An important nuance that KIIS records in its methodology: trust is measured not in absolute numbers of sympathy, but as a balance between those who trust and those who do not. This is a stricter indicator than simple "approval."

The Liashko phenomenon — and what lies behind it

Oleg Liashko stands out separately in the study. His trust indicators are noticeably higher than one might expect from a politician who in the pre-war media space was associated primarily with extravagance. One explanation is that Liashko, as minister of social policy, communicates in a format oriented toward older audiences from the regions, less covered by digital media. Another is the effect of a low baseline: he has many critics, but part of the audience that previously ignored him has begun to perceive him more neutrally against the background of work on payments and social issues during the war.

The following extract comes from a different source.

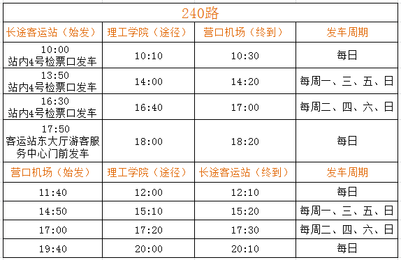 經(jīng)公司營(yíng)運(yùn)部門與機(jī)場(chǎng)工作人員溝通:從2018年3月25日起,營(yíng)口藍(lán)旗機(jī)場(chǎng)執(zhí)行新的航班時(shí)刻表(部分航線停發(fā))。針對(duì)上述情況,為方便市民出行,經(jīng)公司研究,現(xiàn)對(duì)機(jī)場(chǎng)240路運(yùn)營(yíng)班次進(jìn)行調(diào)整。具體內(nèi)容如下:
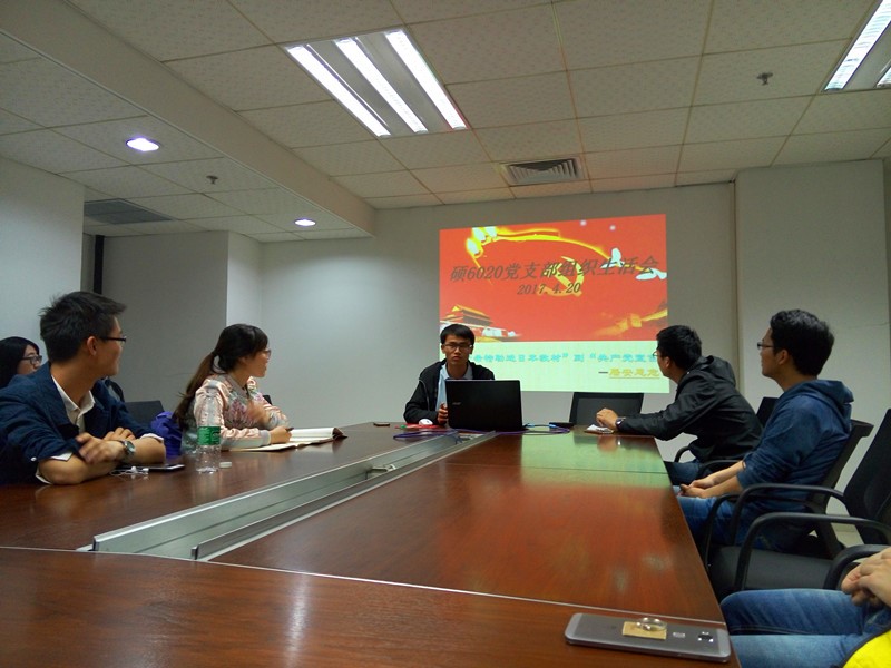 组织生活会是指党支部以交流思想、总结经验教训、开展批评与自我批评为中心内容的组织生活制度。为了组织生活会更加生动有趣,内容丰富,硕6020党支部大胆积极创新,于2017年4月21日晚在北二楼1408教室召开属于自己支部的特色组织生活会之“开讲啦”。本期的开讲嘉宾是支部书记崔新贵和班长李世聪,分别从围绕“希特勒进日本教科书”和“共产党宣言”讲起。

Boyko and Tymoshenko — relics of the pre-war world

Yuri Boyko and Yulia Tymoshenko are recorded in the lower part of the rating. Both were recognizable figures before 2022, but their political capital was formed in the logic of peacetime — electoral cycles, coalition bargaining, media scandals. This logic has proved irrelevant since February 2022. Trust in conditions of war, as the study shows, correlates not with experience in "big politics," but with visible concrete action or symbolic presence where it is difficult.

Boyko carries an additional burden — his previous connections with pro-Russian structures, which in the context of a full-scale invasion have become an indelible marker for most of the audience.

What this means systemically

The KIIS data record not just ratings — they describe a new model of legitimacy. Ukrainians during the war delegate trust to those who have a direct function and do not hide from it. This is not a guarantee of the quality of management decisions, but it is a selection criterion that is fundamentally different from the pre-war period.

An open question: if this model persists after the active phase of the war is over — will the pre-war "heavyweights" find a way to regain relevance, or will Ukrainian politics ultimately reboot its main players?